Where Pith is reading between the lines
- If the optimizations hold on other medical topics, they could reduce the need for larger models in specialized QA tasks.
- Testing the pipeline on questions drawn directly from clinical records rather than a custom set would clarify real-world transfer.
- The accuracy delta might compound if the optimized retrieval is combined with model fine-tuning on biomedical text.
Load-bearing premise
The custom dataset is representative of real cancer patient questions and the measured accuracy gains are produced by the three optimizations rather than by how the dataset was built or evaluated.
What would settle it
Running the same optimized pipeline and baselines on an independently gathered collection of actual cancer patient questions and observing no accuracy improvement would falsify the claim.
Figures
read the original abstract
Retrieval-augmented generation (RAG) mitigates hallucination in Large Language Models (LLMs) by using query pipelines to retrieve relevant external information and grounding responses in retrieved knowledge. However, query pipeline optimization for cancer patient question-answering (CPQA) systems requires separately optimizing multiple components with domain-specific considerations. We propose a novel three-aspect optimization approach for the RAG query pipeline in CPQA systems, utilizing public biomedical databases like PubMed and PubMed Central. Our optimization includes: (1) document retrieval, utilizing a comparative analysis of NCBI resources and introducing Hybrid Semantic Real-time Document Retrieval (HSRDR); (2) passage retrieval, identifying optimal pairings of dense retrievers and rerankers; and (3) semantic representation, introducing Semantic Enhanced Overlap Segmentation (SEOS) for improved contextual understanding. On a custom-developed dataset tailored for cancer-related inquiries, our optimized RAG approach improved the answer accuracy of Claude-3-haiku by 5.24% over chain-of-thought prompting and about 3% over a naive RAG setup. This study highlights the importance of domain-specific query optimization in realizing the full potential of RAG and provides a robust framework for building more accurate and reliable CPQA systems, advancing the development of RAG-based biomedical systems.
Editorial analysis
A structured set of objections, weighed in public.
Referee Report
Summary. The manuscript proposes a three-aspect optimization framework for RAG query pipelines in cancer patient question-answering systems. It introduces Hybrid Semantic Real-time Document Retrieval (HSRDR) using NCBI resources, identifies optimal dense retriever-reranker pairings for passage retrieval, and presents Semantic Enhanced Overlap Segmentation (SEOS) for semantic representation. On a custom-developed dataset of cancer-related inquiries, the optimized pipeline is reported to improve answer accuracy of Claude-3-haiku by 5.24% relative to chain-of-thought prompting and approximately 3% relative to a naive RAG baseline.

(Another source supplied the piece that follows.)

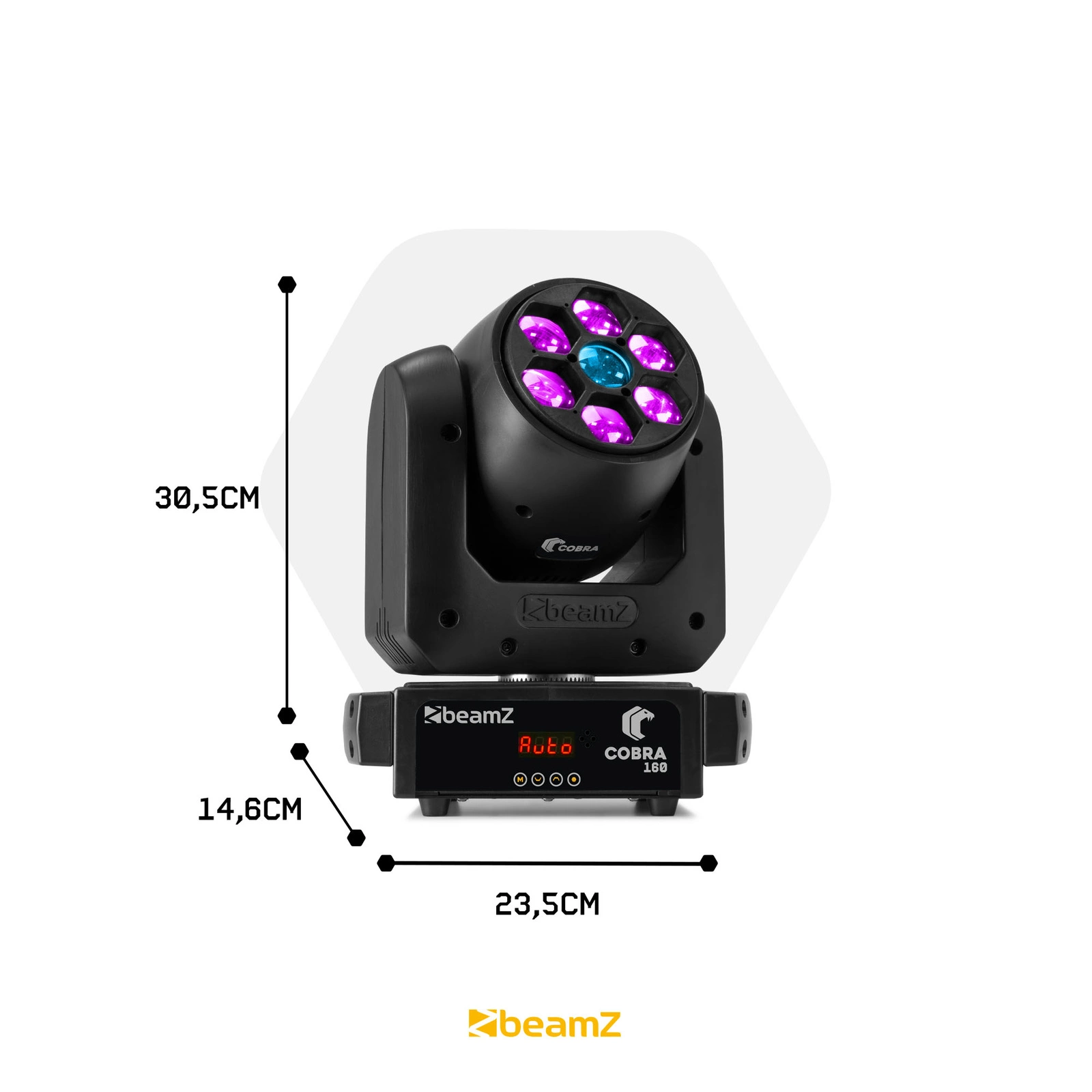 Efekt B-eye wyróżnia te ruchome głowy na tle wielu zwykłych modeli wash/spot. BeamZ Cobra160 ma wiele diod LED, którymi można sterować indywidualnie. Te ruchome głowice posiadają doskonałą funkcję zoomu, która umożliwia regulację wiązki światła od bardzo szerokiej do bardzo wąskiej. Dodatkowo model ten oferuje możliwość obracania samych soczewek. Tworzy to dynamiczne, spiralne lub kwiatowe wzory, które mogą zmieniać zarówno kolor, jak i kształt.

Significance. If the reported gains prove robust and causally attributable to the three proposed components, the work would supply a practical, domain-specific template for RAG optimization in biomedical QA. The emphasis on public biomedical corpora (PubMed, PubMed Central) and the explicit separation of document-level, passage-level, and segmentation-level choices are potentially useful for practitioners. At present, however, the absence of dataset statistics, metric definitions, and component ablations prevents any such assessment.
major comments (3)
- [Abstract] Abstract: the headline claim of a 5.24 % accuracy lift is stated without any accompanying information on dataset size, question provenance, ground-truth construction, inter-annotator agreement, or the precise definition of “answer accuracy” (exact match, LLM-as-judge, human rating, etc.). These omissions make it impossible to determine whether the observed deltas are driven by the three optimizations or by dataset-construction or evaluation artifacts.
- [Results] Results / Evaluation section: the three proposed components (HSRDR, retriever-reranker pairings, SEOS) are never ablated against one another on a fixed test set. Consequently it is impossible to isolate which component, if any, accounts for the reported improvement over the naive RAG baseline.
- [Methods] Methods: no statistical tests, confidence intervals, or controls for prompt leakage or dataset leakage are described, leaving the 3 % and 5.24 % deltas without evidence of statistical reliability or causal attribution.
minor comments (2)
- [Abstract] The manuscript should supply a clear, reproducible definition of the accuracy metric and release (or at minimum describe in detail) the custom dataset so that the empirical claims can be verified.
- [Methods] Notation for the three optimization stages (HSRDR, SEOS) is introduced without an accompanying diagram or pseudocode that would clarify their integration into a single query pipeline.
Simulated Author's Rebuttal
We thank the referee for the constructive and detailed feedback. We address each major comment below and will revise the manuscript to improve transparency, add missing analyses, and strengthen the evaluation section.
read point-by-point responses
-
Referee: [Abstract] Abstract: the headline claim of a 5.24 % accuracy lift is stated without any accompanying information on dataset size, question provenance, ground-truth construction, inter-annotator agreement, or the precise definition of “answer accuracy” (exact match, LLM-as-judge, human rating, etc.). These omissions make it impossible to determine whether the observed deltas are driven by the three optimizations or by dataset-construction or evaluation artifacts.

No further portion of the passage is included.